The output should be every line below, retyped exactly, with no images.

[[ Data excerpts open ]]

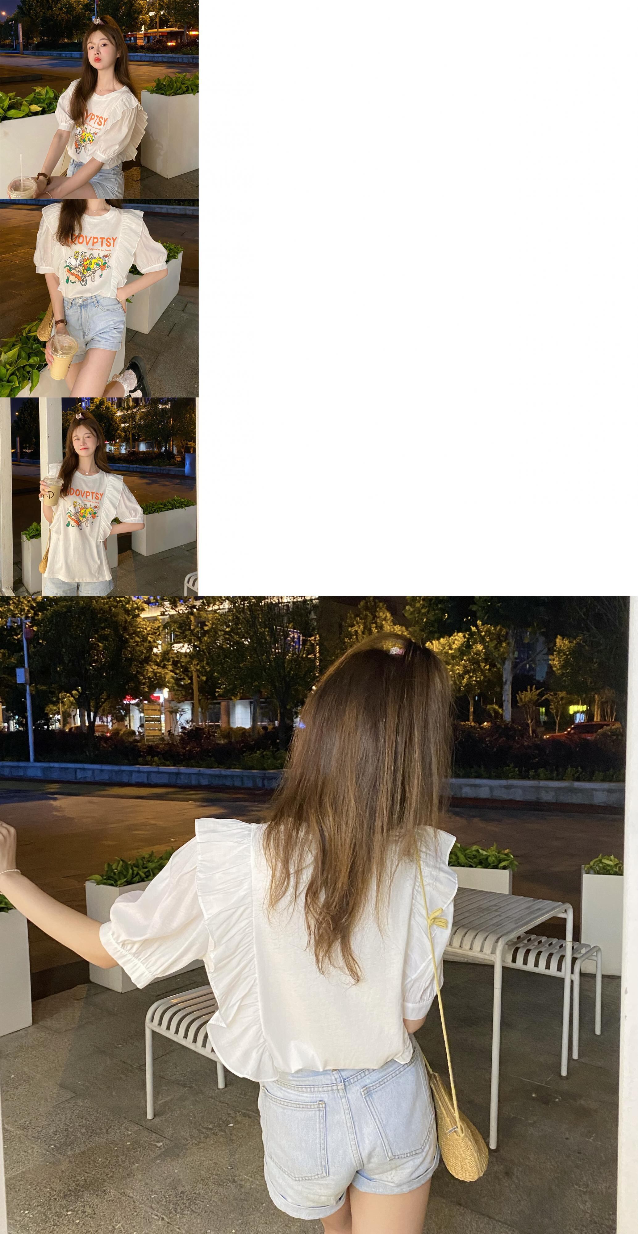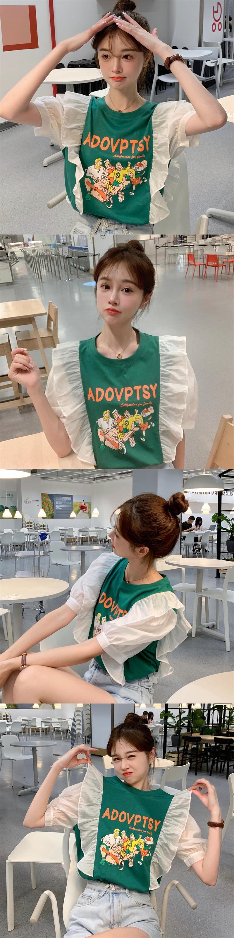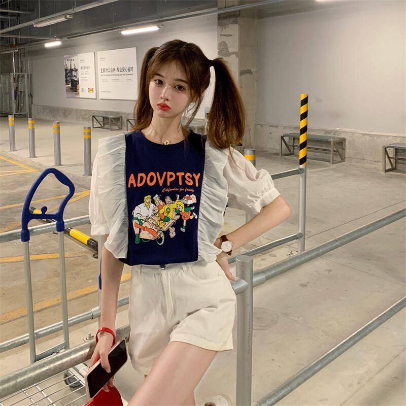 プリント柄スリーブTシャツ レディースサマー薄手ルーズトップス 夏物 YY-ファッション40700804747
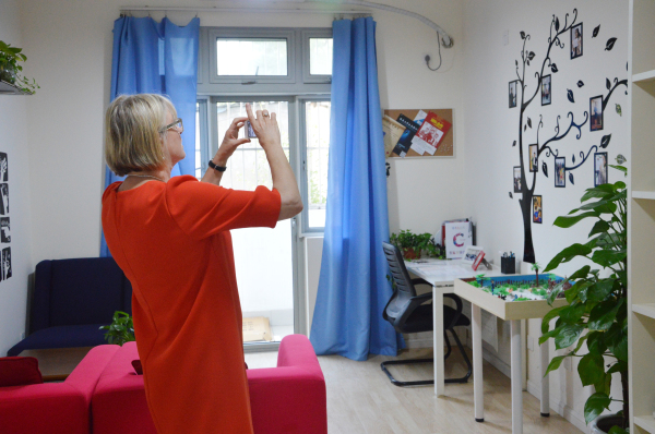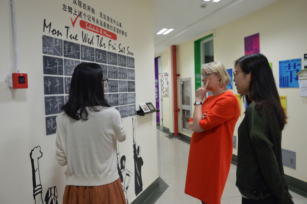 10月22日,英国里丁大学就业中心主任Lorna来访。孟宪承书院学工组长、生涯发展中心指导老师陆敏、就业推进办公室副主任雷妍陪同参观了20号社区孟空间,就书院概况、空间布置、学生使用与管理等方面进行了介绍。Lorna女士表示特别赞同书院倡导的学生自主管理理念,对学生布置的孟空间表示认可和喜爱。
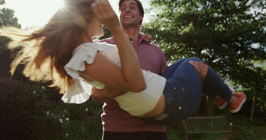 - Happy Couple Joyfully Embracing in Sunny Garden
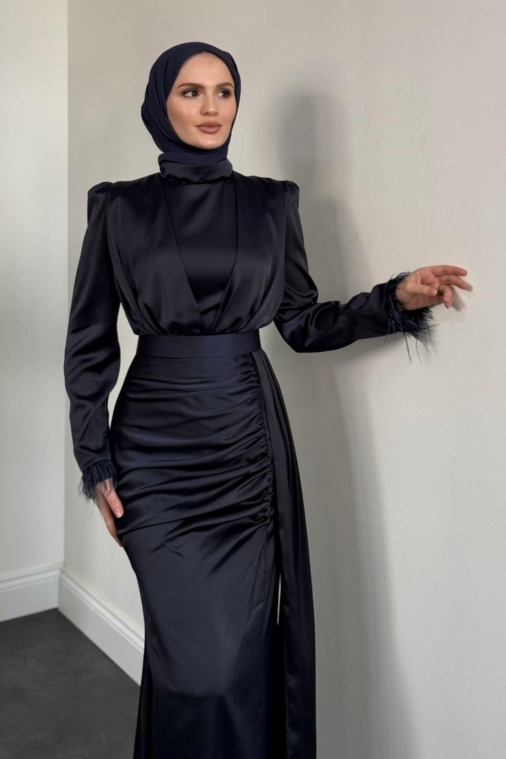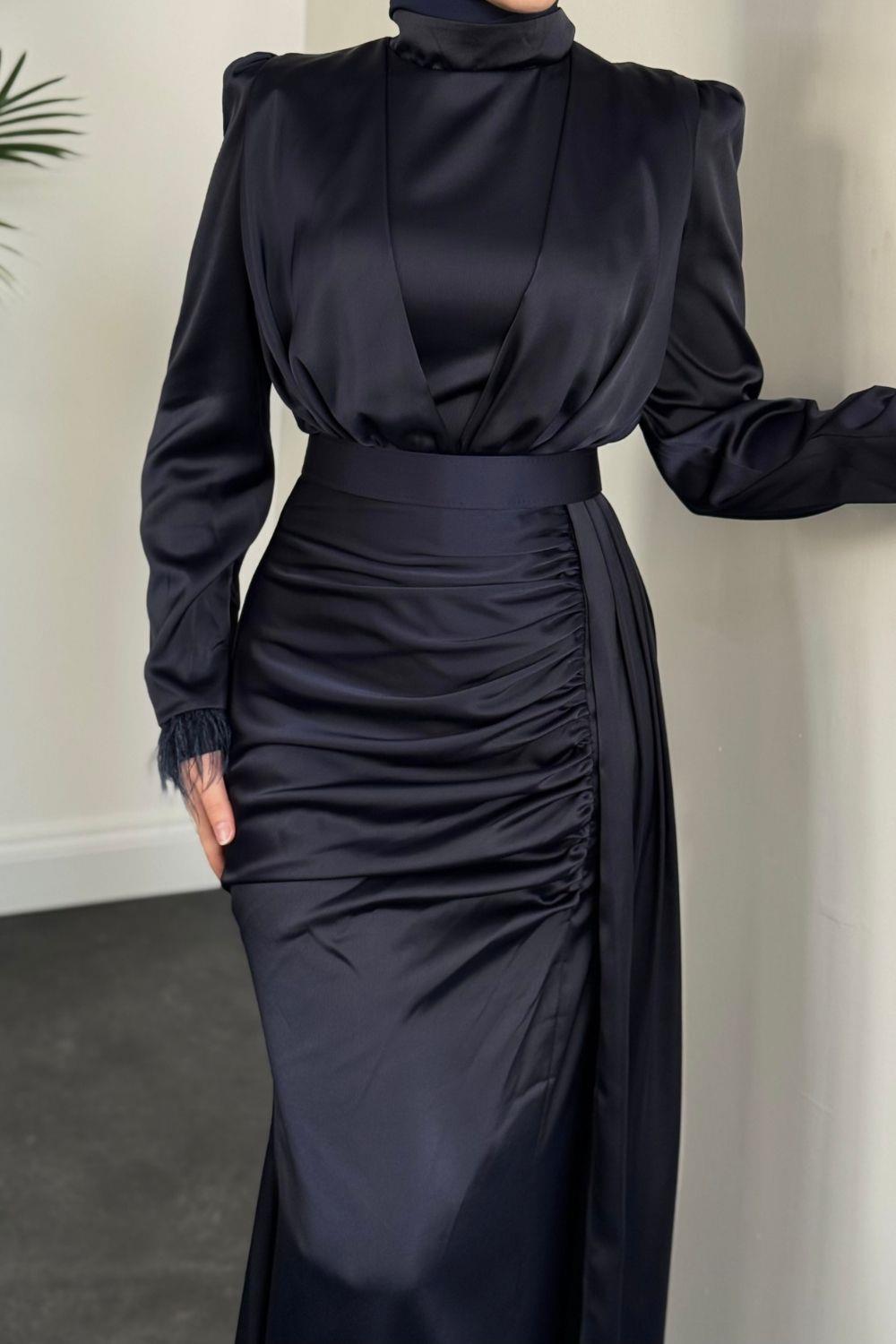 Senra Yandan Pelerinli Abiye Lacivert
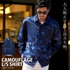 全面にほどこされた迷彩の総柄デザインで存在感を放つ長袖シャツ。

[[ Data excerpts closed ]]

• **Result of this task**
 プリント柄スリーブTシャツ レディースサマー薄手ルーズトップス 夏物 YY-ファッション40700804747
 10月22日,英国里丁大学就业中心主任Lorna来访。孟宪承书院学工组长、生涯发展中心指导老师陆敏、就业推进办公室副主任雷妍陪同参观了20号社区孟空间,就书院概况、空间布置、学生使用与管理等方面进行了介绍。Lorna女士表示特别赞同书院倡导的学生自主管理理念,对学生布置的孟空间表示认可和喜爱。
 - Happy Couple Joyfully Embracing in Sunny Garden
 Senra Yandan Pelerinli Abiye Lacivert
 全面にほどこされた迷彩の総柄デザインで存在感を放つ長袖シャツ。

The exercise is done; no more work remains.